November 14, 2013 / 7:41 AM / 4 years ago

WRAPUP 4-With France stalling, euro zone recovery comes to near halt

6 Min Read

* Pace of euro zone recovery slows more than expected
    * French economy shrinks, undercuts forecasts
    * OECD warns of economic reform inertia
    * German growth slows, exports hit
    * Spain pulled out of recession
    * Italian recession continues, may grow in Q4

    By Leigh Thomas and Martin Santa
    BRUSSELS/PARIS, Nov 14 (Reuters) - The euro zone economy all
but stagnated in the third quarter of the year with France's
recovery fizzling out and growth in Germany slowing.
    The 9.5 trillion euro economy pulled out of its longest
recession in the previous quarter but record unemployment, lack
of consumer confidence and anaemic bank lending continue to
prevent a more solid rebound.
    In the three months to September, the combined economy of
the 17 countries sharing the euro grew by a slower than expected
0.1 percent.

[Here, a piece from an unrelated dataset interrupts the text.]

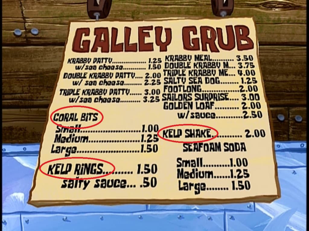 Como se ve en la imagen hay aros de algas y también pedazos de coral. Entonces... las cangreburger tiene cangrejo.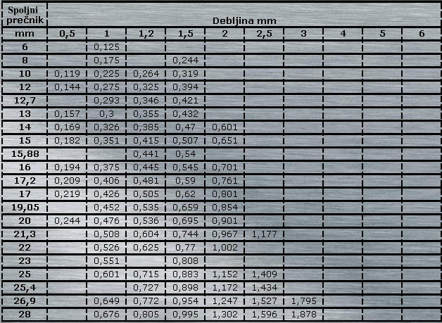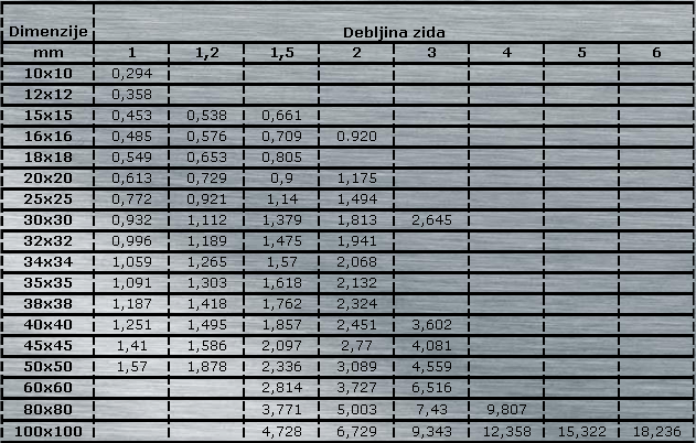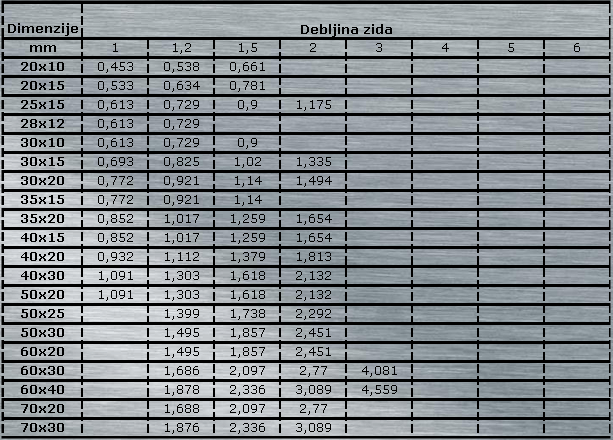 - Dimenzije i teoretske težine u kg/m

In the previous quarter it rose 0.3 percent - the
first expansion in 18 months.
    The euro fell to a session low in response. 
    The French economy contracted by 0.1 percent, snuffing out
signs of revival in the previous three months. It had been
expected to post quarterly growth of 0.1 percent and has now
shrunk in three of the last four quarters.
    German growth slowed to 0.3 percent, from a robust 0.7 in
the second quarter, but Europe's largest economy clearly remains
in much better shape.
    France is becoming a focus for concern within the currency
bloc. The Bank of France predicts the economy will expand by 0.4
percent in the last quarter of the year but the government's
labour and pension reforms are widely viewed as too timid.
    A report on French competitiveness by the Paris-based
Organisation for Economic Cooperation and Development warned
that it is falling behind southern European countries that have
cut labour costs and become leaner and meaner. 
    "To reduce the economic lag and lost time, France needs to
keep up structural reforms," OECD chief Angel Gurria said.
    The report will be hard for the government to ignore since
it was commissioned by President Francois Hollande.
    German growth was fuelled by domestic demand. Exports
faltered, another indication of the malaise gripping the rest of
the euro zone.
    "ECB interest rates are far too low for Germany. Germany
will probably grow significantly more strongly than the euro
zone," said Joerg Kraemer, chief economist at Commerzbank.
"Early indicators point to similar growth in the fourth
    The European Commission forecasts the currency area will
shrink by 0.4 percent over 2013 as a whole before growing by a
modest 1.1 percent in 2014.
    However, with unemployment in the bloc running above 12
percent and one in two young people out of work in Greece and
Spain, talk of recovery rings hollow.
    Compounding the French gloom, private sector payroll data
showed some 17,000 jobs were destroyed in the third quarter,
while inflation slowed in October to 0.7 percent, the weakest
level in four years, when France was emerging from a deep

    Italy matched France's performance, shrinking by 0.1
percent. The Netherlands eked out 0.1 percent growth.
    A senior Italian official told Reuters this week that the
euro zone's third largest economy would return to growth in the
last three months of the year, expanding by as much as 0.5
percent and ending nine quarters of slippage. 
    Spain reported last month that it had pulled clear of
recession in the third quarter, albeit with quarterly growth of
just 0.1 percent, putting an end to a recession stretching back
to early 2011. 
    Portugal is still struggling with austerity as part of its
bailout plan yet managed to grow by 0.2 percent in the third
quarter following stunning 1.1 percent expansion in Q2. Unlike
other embattled euro zone states, unemployment has started to
fall there too. 
    Cyprus, still in the midst of an austerity programme in
return for being bailed out, contracted by 0.8 percent on the
quarter while Greece's deep recession eased a little.
    Doubts about an unsteady Italian coalition government's
ability to push through economic reforms remain a major concern
for the euro zone. But France is climbing the worry list fast.
    Both Spain and Portugal have had the outlook on their credit
ratings raised to stable in recent days while Standard & Poor's
cut France's rating to AA from AA+, still well above its Iberian
neighbours but narrowing the gap.
    The European Central Bank surprised markets with an interest
rate cut last week, although that was more to do with
evaporating inflation.
    "The sluggish growth outlook implies that disinflationary
forces will likely remain in place for the time being. Against
this backdrop, further monetary easing by the ECB certainly
cannot be excluded, said Martin van Vliet, an economist at ING.
    On Wednesday, ECB chief economist Peter Praet raised the
prospect of the bank starting outright asset purchases if things
got too bad. Bundesbank chief Jens Weidmann took the opposite
tack, saying rates should not stay at record lows for too long.